» Data excerpts
Start of Block

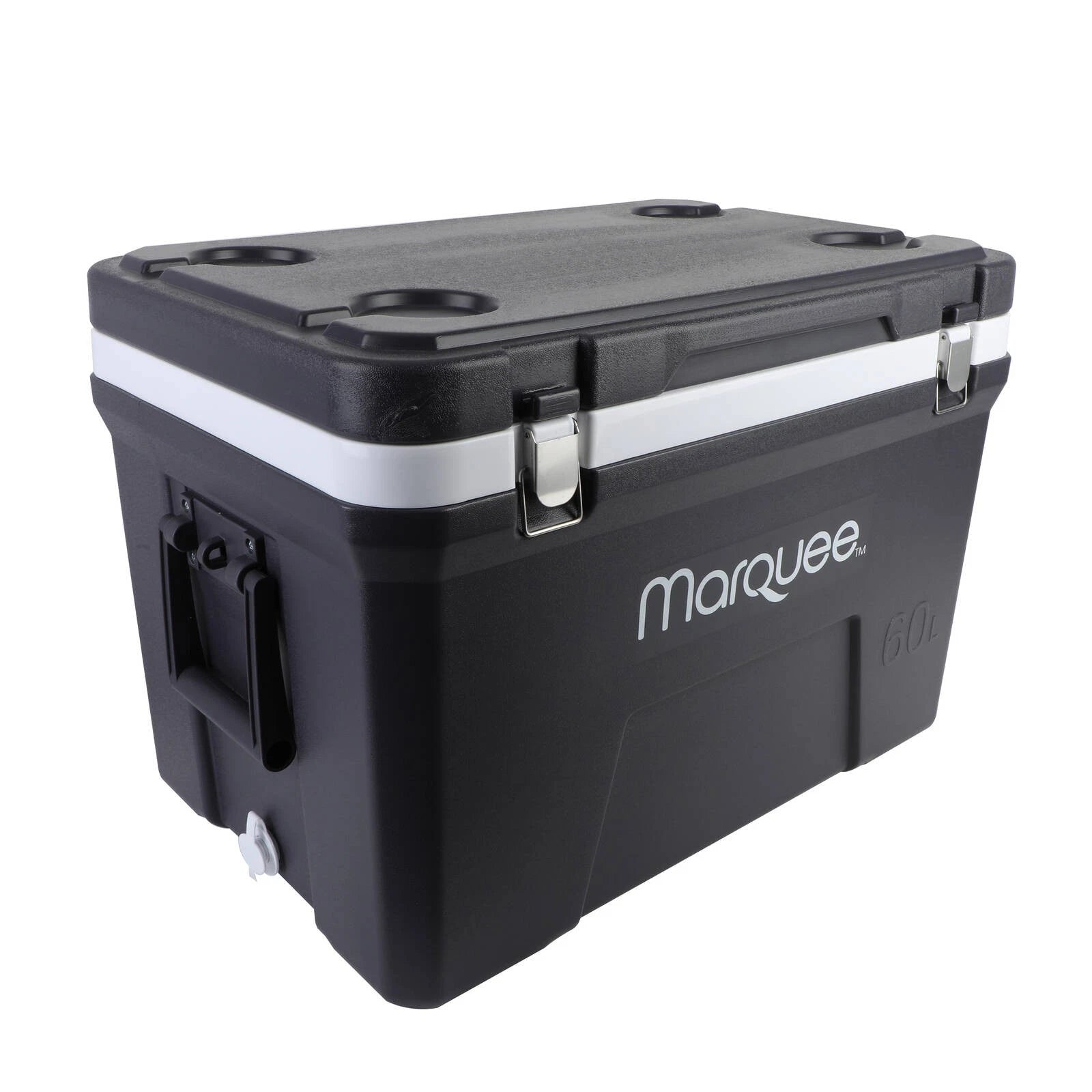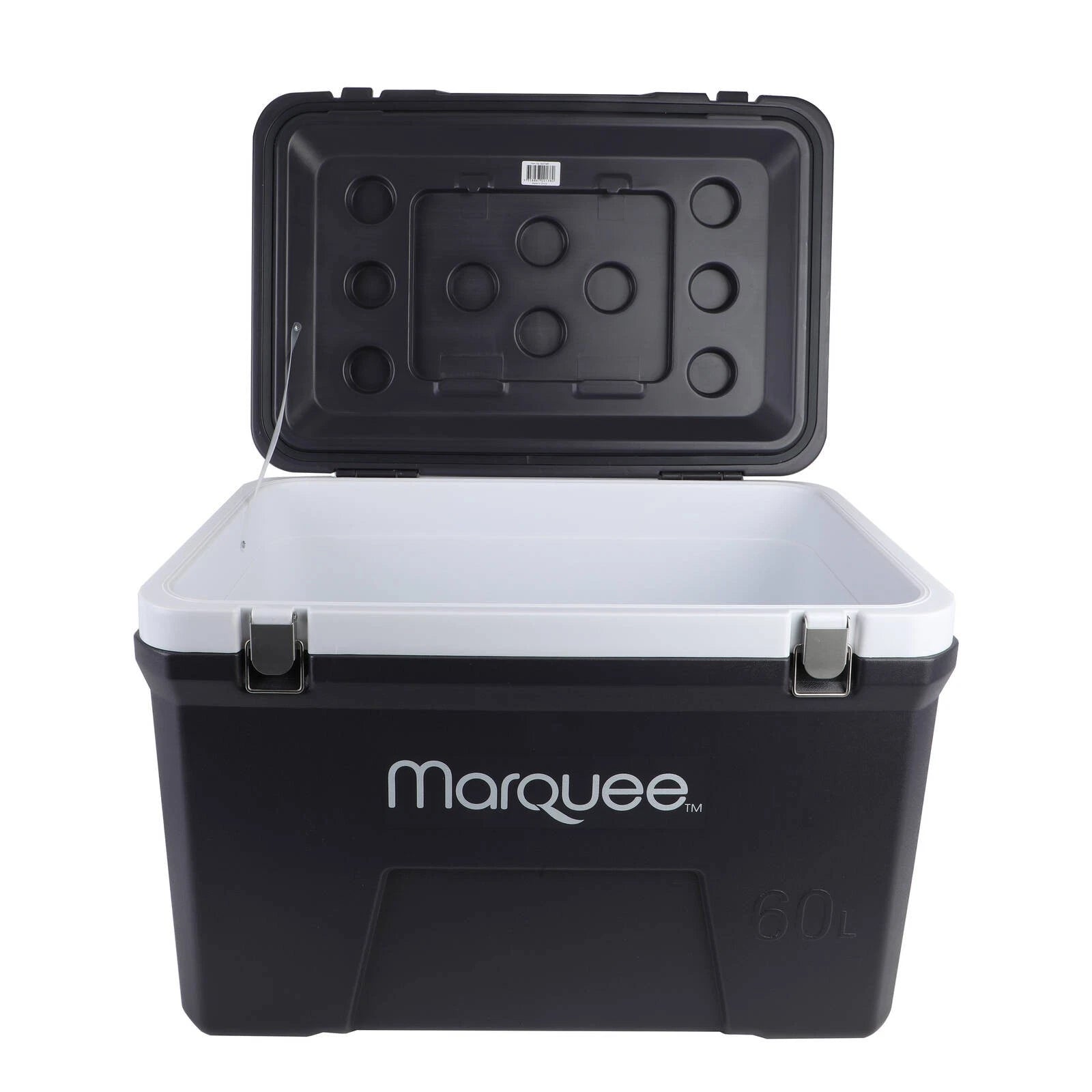 The Marquee 60L Insulated Hard Cooler combines functionality with durability. Its large capacity makes it perfect for camping trips, tailgates, or large gatherings. The integrated ice brick holder in the lid adds extra cooling, while the drain plug simplifies water removal. With sturdy handles and secure lid clasps, this cooler is built to withstand outdoor adventures and provide reliable performance.
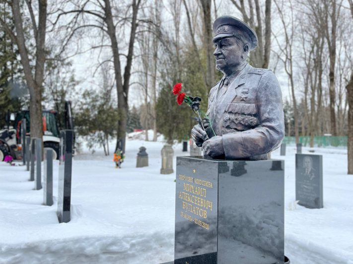 В годовщину смерти на могиле Михаила Булатова прошла поминальная лития. Вспомнить Героя Советского Союза пришли его родные, представители органов власти и ученики лицея №6 Курска.
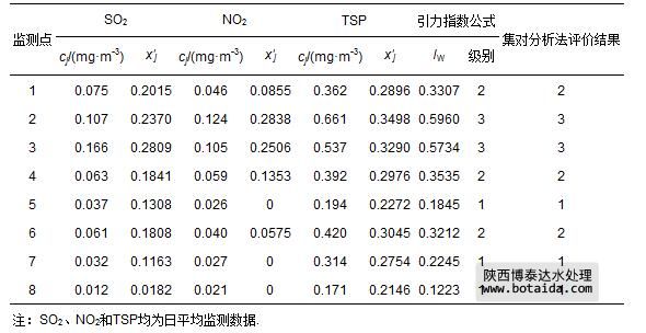 武漢市不同測(cè)點(diǎn)的空氣指標(biāo)日平均濃度監(jiān)測(cè)數(shù)據(jù)cj(郭紹英等,2009),以及由式(1)和式(6)計(jì)算出的指標(biāo)規(guī)范值x′j如表 10所示.在視各指標(biāo)為等權(quán)的情況下,將表 10中的3項(xiàng)指標(biāo)規(guī)范值x′j分別代入式(11)和式(12)所示的引力指數(shù)公式,計(jì)算得到武漢市各測(cè)點(diǎn)空氣質(zhì)量引力綜合指數(shù)值,并根據(jù)表 3中空氣環(huán)境質(zhì)量綜合指數(shù)值分級(jí)標(biāo)準(zhǔn)作出的判斷結(jié)果(表 10).表中還列出了參考文獻(xiàn)(郭紹英等,2009)中用集對(duì)分析法作出的評(píng)價(jià)結(jié)果.可以看出,引力指數(shù)公式評(píng)價(jià)結(jié)果與集對(duì)分析評(píng)價(jià)結(jié)果完全一致.
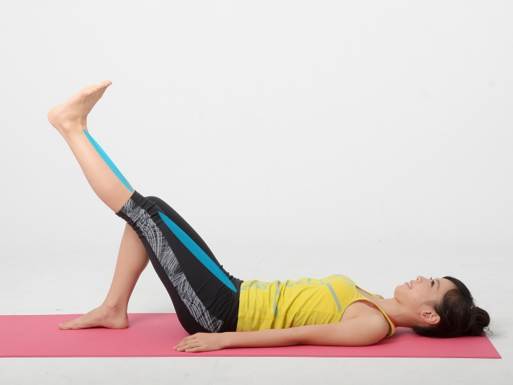 Check:骨盆與腰平放地面,臀部不移動也不抬高,動腿即可。
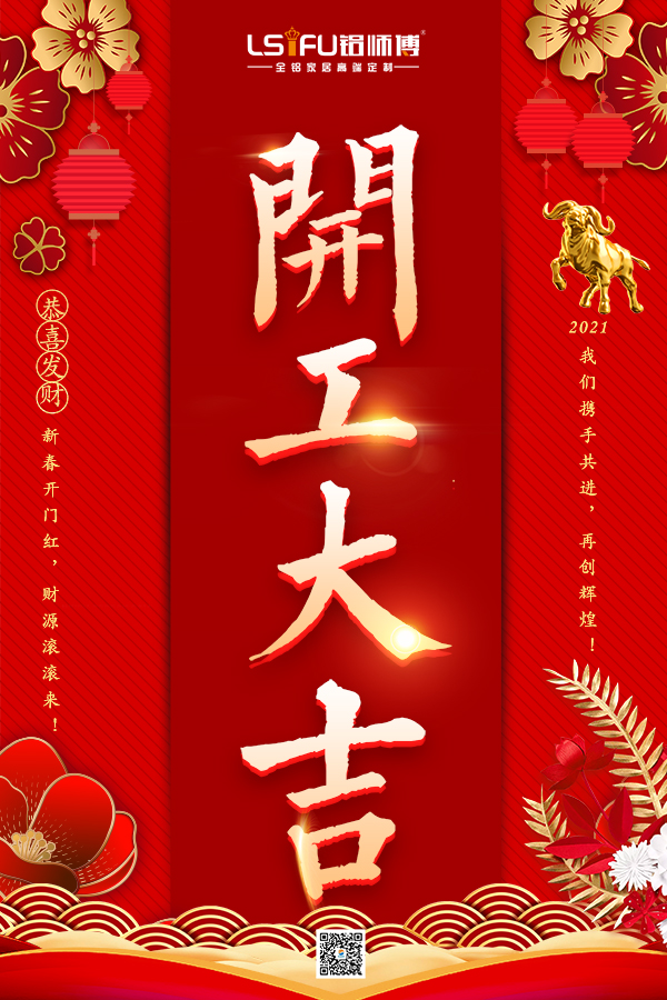啟新章、攜夢想,共未來!歐格美鋁業鋁師傅全鋁家居祝大家在新的一年里工作順利,財源廣進,牛年大發!
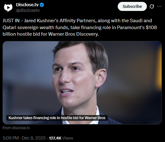 [003]Kushner's Affinity Partners, along with the Saudi and Qatari sovereign wealth funds, take financing role in Paramount's $108 billion hostile bid for Warner Bros Discovery media link
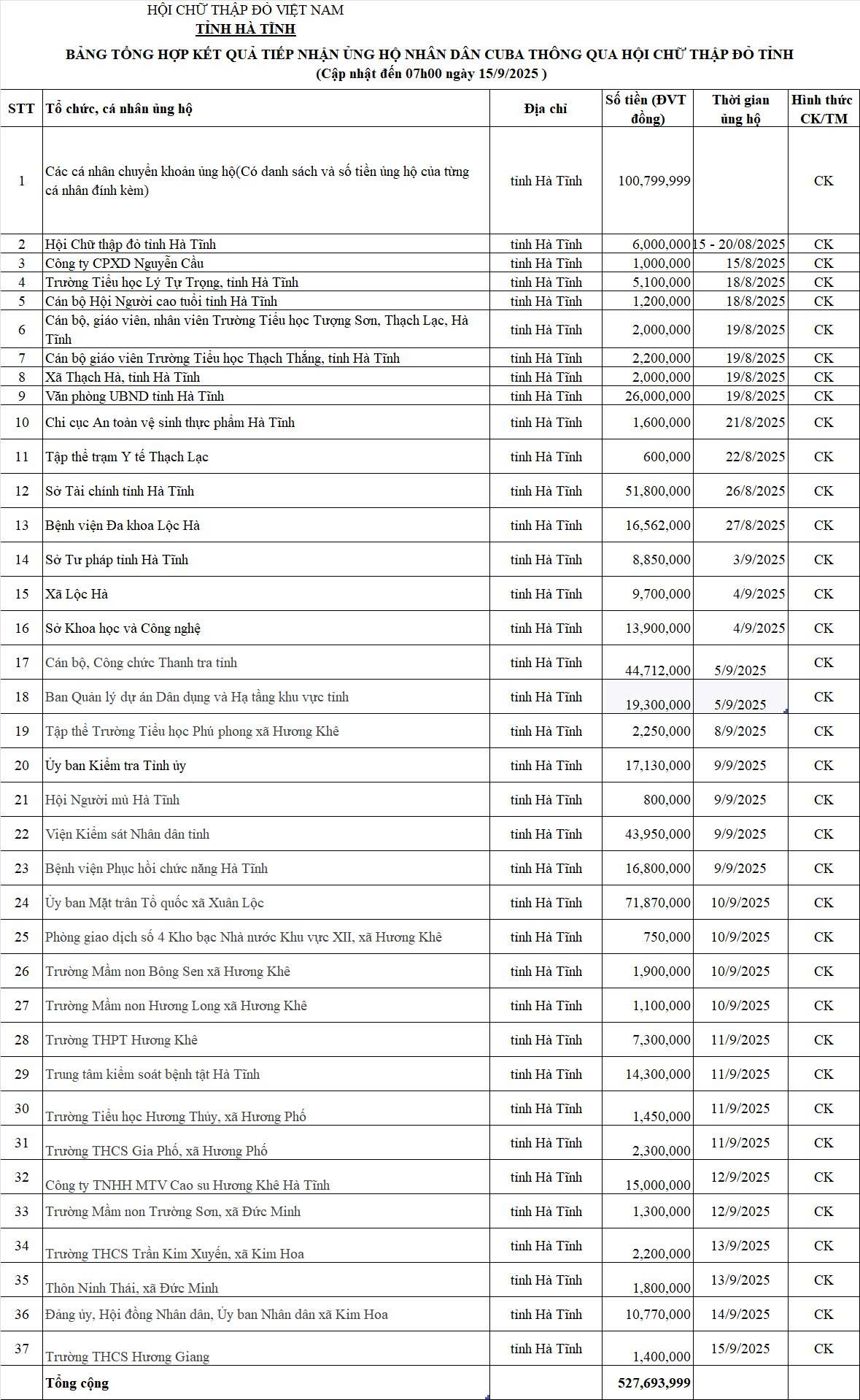 Đến 7h00 ngày 16/9/2025, Chương trình đã tiếp nhận 886 lượt ủng hộ với tổng số tiền 527.693.999 đồng. Toàn bộ số tiền này được chuyển qua tài khoản của Hội Chữ thập đỏ tỉnh Hà Tĩnh (số tài khoản: 3701211043085, Ngân hàng Nông nghiệp và Phát triển Nông thôn Việt Nam – Chi nhánh Hà Tĩnh II). Danh sách các tập thể, cá nhân ủng hộ được Hội thường xuyên cập nhật minh bạch, công khai qua mã QR hoặc đường link kèm theo.
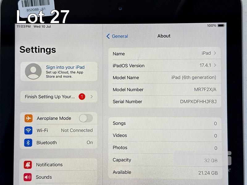 APPLE iPAD 6TH GEN, 32GB, Wi-Fi, SPACE GREY, MODEL MR7F2X/A, A1893 (NO CABLE, NO CHARGER) S/N:DMPXDFHHJF8J
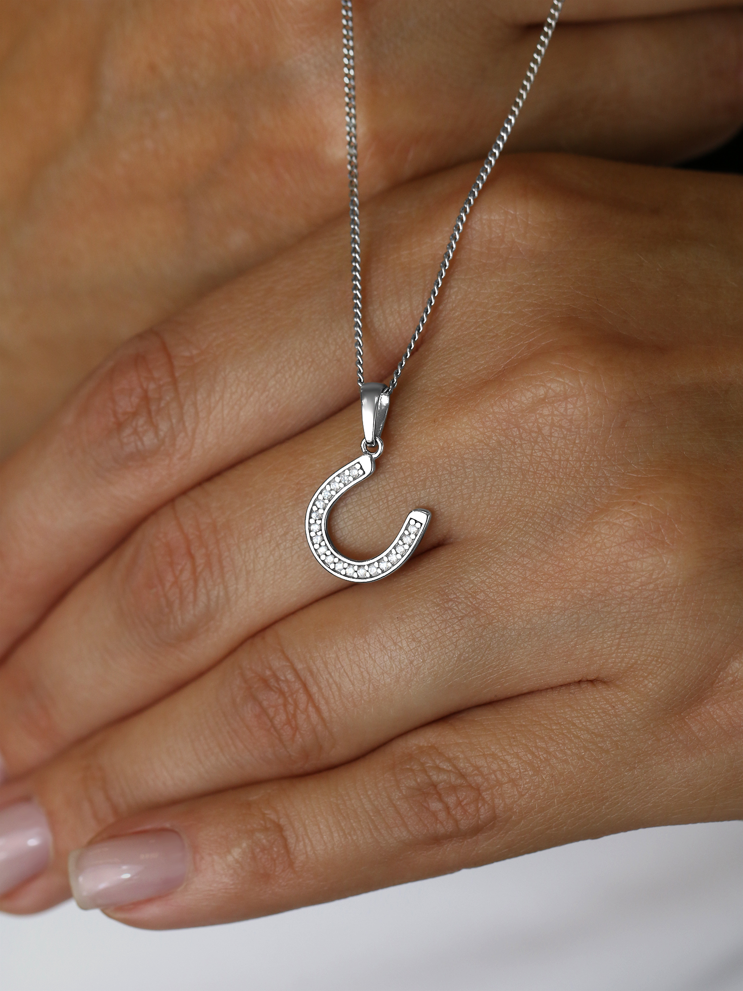 Подвеска из серебра с фианитами родированная - Подкова на удачу 3-002р200

End of Block

» WHAT TO DO
Return verbatim every line from the one holding "啟新章、攜夢想,共未來!歐格" to the end of the records above. Do not copy the pictures.

» FINISHED EXERCISE
啟新章、攜夢想,共未來!歐格美鋁業鋁師傅全鋁家居祝大家在新的一年里工作順利,財源廣進,牛年大發!
 [003]Kushner's Affinity Partners, along with the Saudi and Qatari sovereign wealth funds, take financing role in Paramount's $108 billion hostile bid for Warner Bros Discovery media link
 Đến 7h00 ngày 16/9/2025, Chương trình đã tiếp nhận 886 lượt ủng hộ với tổng số tiền 527.693.999 đồng. Toàn bộ số tiền này được chuyển qua tài khoản của Hội Chữ thập đỏ tỉnh Hà Tĩnh (số tài khoản: 3701211043085, Ngân hàng Nông nghiệp và Phát triển Nông thôn Việt Nam – Chi nhánh Hà Tĩnh II). Danh sách các tập thể, cá nhân ủng hộ được Hội thường xuyên cập nhật minh bạch, công khai qua mã QR hoặc đường link kèm theo.
 APPLE iPAD 6TH GEN, 32GB, Wi-Fi, SPACE GREY, MODEL MR7F2X/A, A1893 (NO CABLE, NO CHARGER) S/N:DMPXDFHHJF8J
 Подвеска из серебра с фианитами родированная - Подкова на удачу 3-002р200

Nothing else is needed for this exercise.